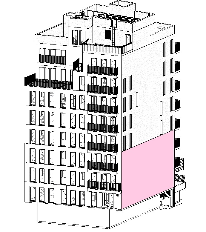 30-32 Bushwick Avenue is a new eight-story building with a partial cellar in Bushwick, Brooklyn, New York, designed to be a multi-family residential building. The new building is framed with CMU shear walls and exterior walls with concrete slab on decks on steel infill framing. Each floor included one front and two rear cantilevering walkable balconies for the tenants to use. This building was within the limits of an adjacent MTA subway line, so additional care was used for the substructure to adhere to MTA requirements and regulations.
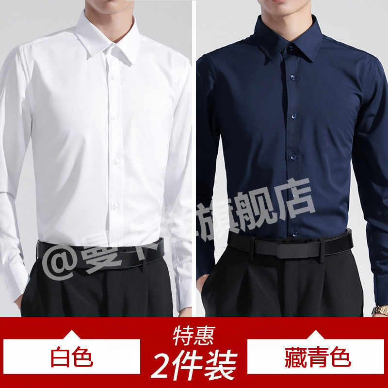 고급 남성 흰색 긴팔 셔츠 비즈니스 전문 원피스 블루 셔츠 세트 남성 의류스토어 가기
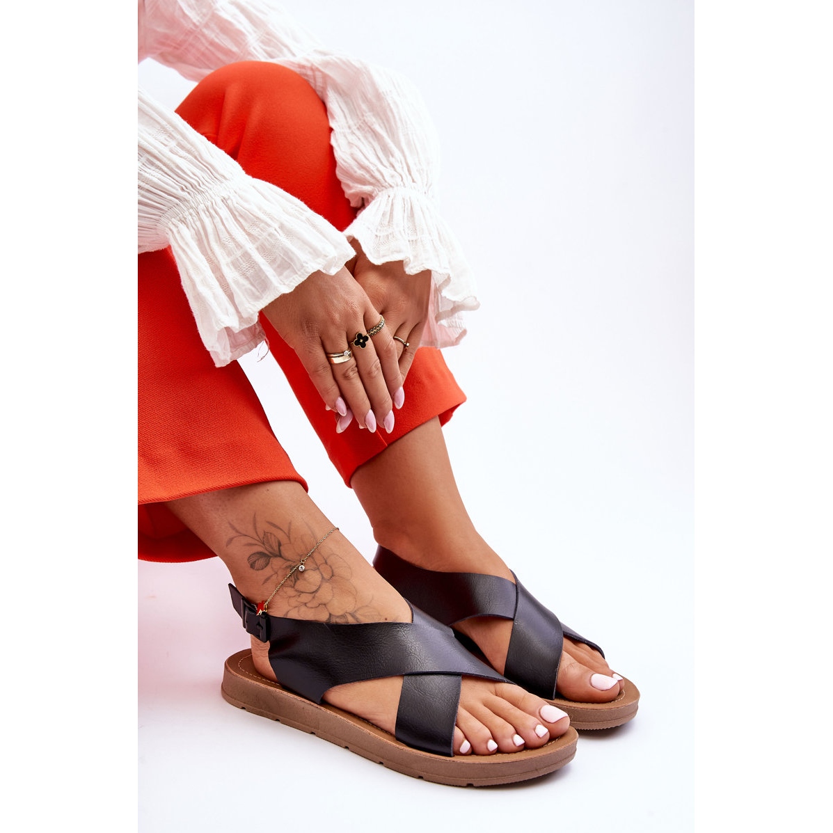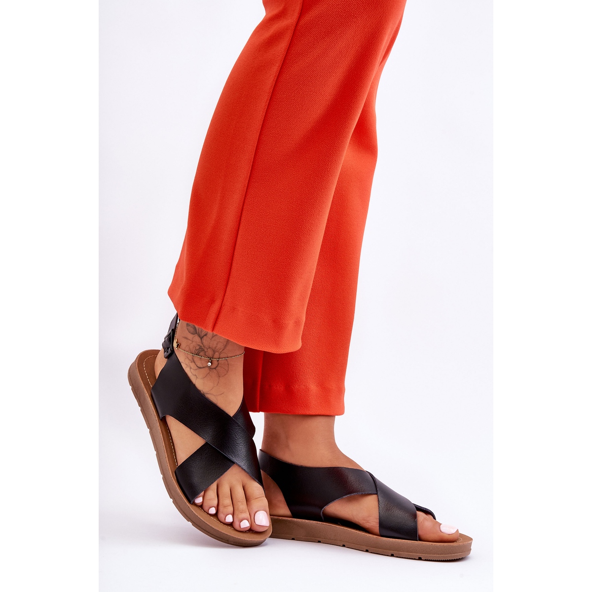 Ce modèle se caractérise par un design élégant et une fermeture pratique avec une sangle réglable avec boucle, qui permet de l'ajuster à n'importe quel pied. Une plateforme délicate de 2 cm de haut rend les sandales confortables pour les longues promenades et souligne en même temps tout style décontracté.

- _Problem to work on_
Only the lines from the one with "고급 남성 흰색 긴팔" through the last line above belong in the answer. Reproduce them exactly, without the pictures.

- _Task output_
 고급 남성 흰색 긴팔 셔츠 비즈니스 전문 원피스 블루 셔츠 세트 남성 의류스토어 가기
 Ce modèle se caractérise par un design élégant et une fermeture pratique avec une sangle réglable avec boucle, qui permet de l'ajuster à n'importe quel pied. Une plateforme délicate de 2 cm de haut rend les sandales confortables pour les longues promenades et souligne en même temps tout style décontracté.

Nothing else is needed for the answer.